Return the lines of the data below, from the one containing "胥主任一行冒雨先后来到渠县三" through the very last, exactly and with both ends included; no pictures.

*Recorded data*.
-------

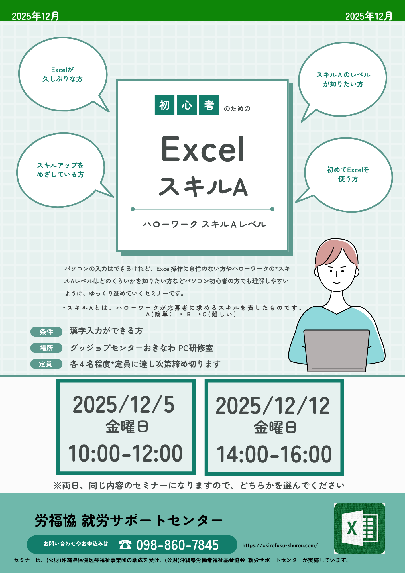 12月開催のExcel【A】パソコンセミナー(満席となりました)
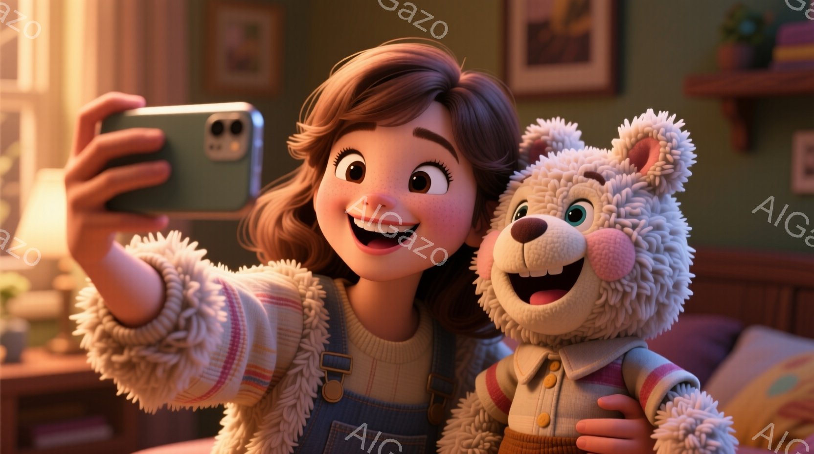 明るいピンク色のベッドに座る少女が、手にスマートフォンを持って何かを見ています。彼女は毛羽立ちのあるベージュ色のセーターとスカートを着ており、茶色の短い髪は肩にかかっています。背景には窓から差し込む光と、隣に座っているふわふわのテディベアが見え、全体的に温かく穏やかな雰囲気が漂っています。
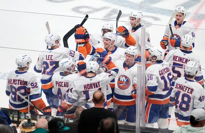 In the third period, Cal Ritchie scored for the Islanders to make it 3-2. He scored right after he was high-sticked, drawing a four-minute penalty. That was an own goal. Then Horvat scored for the Islanders to tie the game to tie the game at 3-3. That was his 28th goal of the season, tying his total from last season.
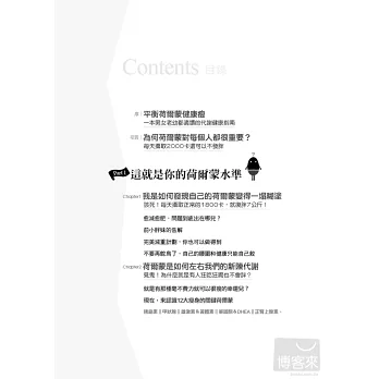 ◎7個「你知道嗎」,告訴你值得深思的驚人數據與觀念;28個「荷爾蒙回家功課」,讓你更了解你的荷爾蒙。
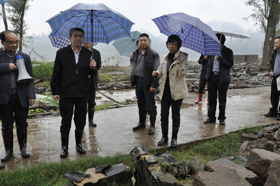 胥主任一行冒雨先后来到渠县三汇镇大洞村实地察看了洪灾损毁情况,在大盘村民房恢复重建点实地察看了恢复重建现场,走访、听取了各挂包点负责人对灾后重建工作情况介绍,并召开了三汇镇灾后重建工作座谈会。
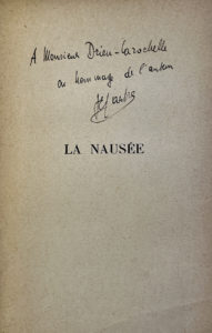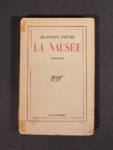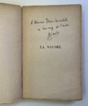 SARTRE Jean-Paul — La nausée. — Gallimard Paris 1938. — E.O. en S.P. — Envoi, « A Monsieur Drieu la Rochelle, en hommage de l'auteur ». — Broché in-12, dos avec manque et trace de scotch.
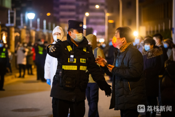 随着夜幕降临,梁溪公安分局崇安寺派出所副所长原森依然在锡师附小门口执勤,耐心解答一些学生家长的问询。“为了防止上厕所,我从早上开始就没有喝过一口水。”身穿防护服的他说。在他们执勤组里,还有一位59岁的老民警王德明,昨天刚值完班,今天早上就主动请缨参加防疫工作。
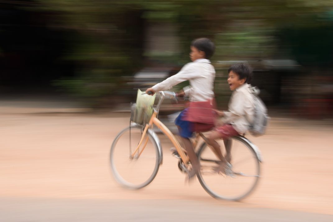 Cambodian boys were among a large group of children heading home after the normal schooldays - but these seemed especially gleeful.

-------

*Answer to this problem*.
 胥主任一行冒雨先后来到渠县三汇镇大洞村实地察看了洪灾损毁情况,在大盘村民房恢复重建点实地察看了恢复重建现场,走访、听取了各挂包点负责人对灾后重建工作情况介绍,并召开了三汇镇灾后重建工作座谈会。
 SARTRE Jean-Paul — La nausée. — Gallimard Paris 1938. — E.O. en S.P. — Envoi, « A Monsieur Drieu la Rochelle, en hommage de l'auteur ». — Broché in-12, dos avec manque et trace de scotch.
 随着夜幕降临,梁溪公安分局崇安寺派出所副所长原森依然在锡师附小门口执勤,耐心解答一些学生家长的问询。“为了防止上厕所,我从早上开始就没有喝过一口水。”身穿防护服的他说。在他们执勤组里,还有一位59岁的老民警王德明,昨天刚值完班,今天早上就主动请缨参加防疫工作。
 Cambodian boys were among a large group of children heading home after the normal schooldays - but these seemed especially gleeful.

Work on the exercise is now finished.